In a corporate network, contact your local support team for how to set a static IP.
To set it from your computer’s operating system:
Make sure that your computer has the correct date:
date
If the date is incorrect, contact your local support team for help setting the correct date and time.
Find the gateway:
ip route | grep default
Name the servers by finding your interface name and replacing it:
nmcli device show <interface name> | grep IP4.DNS
Follow the “Static IP Address Assignment” steps from Ubuntu* here.
virtualenv Error#
If the following error is displayed:
Virtualenv location:
Warning: There was an unexpected error while activating your virtualenv. Continuing anyway…
Traceback (most recent call last):
File "./deploy.py", line 24, in <module>
from scripts import log_all
ImportError: cannot import name 'log_all' from 'scripts' (/home/test/.local/lib/python3.8/site-packages/scripts/__init__.py)
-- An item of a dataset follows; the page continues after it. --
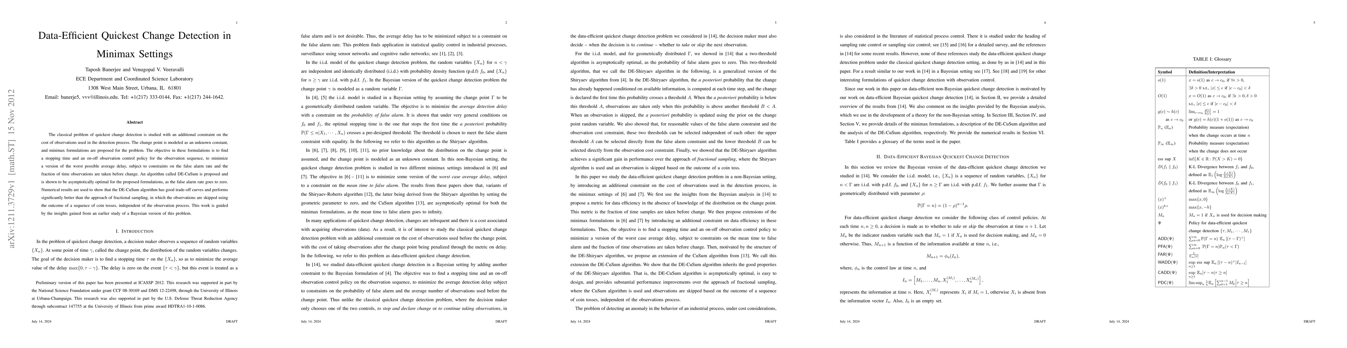 This paper proposes minimax formulations for quickest change detection under observation cost constraints, introducing the DE-CuSum algorithm which is shown to be asymptotically optimal. Numerical results demonstrate that DE-CuSum outperforms fractional sampling, highlighting its effectiveness in balancing detection delay and observation costs.

Remove the ~/.local/lib/python3.8/
directory and run the following
commands:
pip install --user -U pip
pip freeze --user | cut -d'=' -f1 | xargs pip install --user -U
Python Error#
If the following error is displayed:
Failed to install wget. b' ERROR: Command errored out with exit status 1:\n command: /usr/bin/python3 -c \'import sys, setuptools, tokenize; sys.argv[0] = \'"\'"\'/tmp/pip-install-6hcmet6a/wget/setup.py\'"\'"\'; __file__=\'"\'"\'/tmp/pip-install-6hcmet6a/wget/setup.py\'"\'"\';f=getattr(tokenize, \'"\'"\'open\'"\'"\', open)(__file__);code=f.read().replace(\'"\'"\'\\r\\n\'"\'"\', \'"\'"\'\\n\'"\'"\');f.close();exec(compile(code, __file__, \'"\'"\'exec\'"\'"\'))\' egg_info --egg-base /tmp/pip-pip-egg-info-7_3nl4xa\n cwd: /tmp/pip-install-6hcmet6a/wget/\n Complete output (17 lines):\n Traceback (most recent call last):\n File "<string>", line 1, in <module>\n File "/tmp/pip-install-6hcmet6a/wget/setup.py", line 15, in <module>\n setup(\n File "/usr/local/lib/python3.8/dist-packages/setuptools/_distutils/core.py", line 147, in setup\n _setup_distribution = dist = klass(attrs)\n File "/usr/local/lib/python3.8/dist-packages/setuptools/dist.py", line 476, in __init__\n _Distribution.__init__(\n File "/usr/local/lib/python3.8/dist-packages/setuptools/_distutils/dist.py", line 280, in __init__\n self.finalize_options()\n File "/usr/local/lib/python3.8/dist-packages/setuptools/dist.py", line 899, in finalize_options\n for ep in sorted(loaded, key=by_order):\n File "/usr/local/lib/python3.8/dist-packages/setuptools/dist.py", line 898, in <lambda>\n loaded = map(lambda e: e.load(), filtered)\n File "/usr/local/lib/python3.8/dist-packages/setuptools/_vendor/importlib_metadata/__init__.py", line 196, in load\n return functools.reduce(getattr, attrs, module)\n AttributeError: type object \'Distribution\' has no attribute \'_finalize_feature_opts\'\n ----------------------------------------\nERROR: Command errored out with exit status 1: python setup.py egg_info Check the logs for full command output.\nWARNING: You are using pip version 20.2.4; however, version 22.2.2 is available.\nYou should consider upgrading via the \'/usr/bin/python3 -m pip install --upgrade pip\' command.\n'
Remove the ~/.local/lib/python3.8/
directory, and run the following
commands:
python3 -m pip uninstall setuptools
python3 -m pip install testresources
python3 -m pip install launchpadlib
python3 -m pip install setuptools
python3 -m pip install --user -U pip
termcolor Error#
If the following error is displayed:
Failed to install termcolor. b'/usr/local/lib/python3.8/dist-packages/pkg_resources/__init__.py:122:
python3 -m pip uninstall setuptools
python3 -m pip install testresources
python3 -m pip install setuptools
Failed OpenSSL Download#
If the following error is displayed:
FAILED - RETRYING: OpenSSL download from https://www.openssl.org/source/openssl-1.1.1i.tar.gz (4 retries left).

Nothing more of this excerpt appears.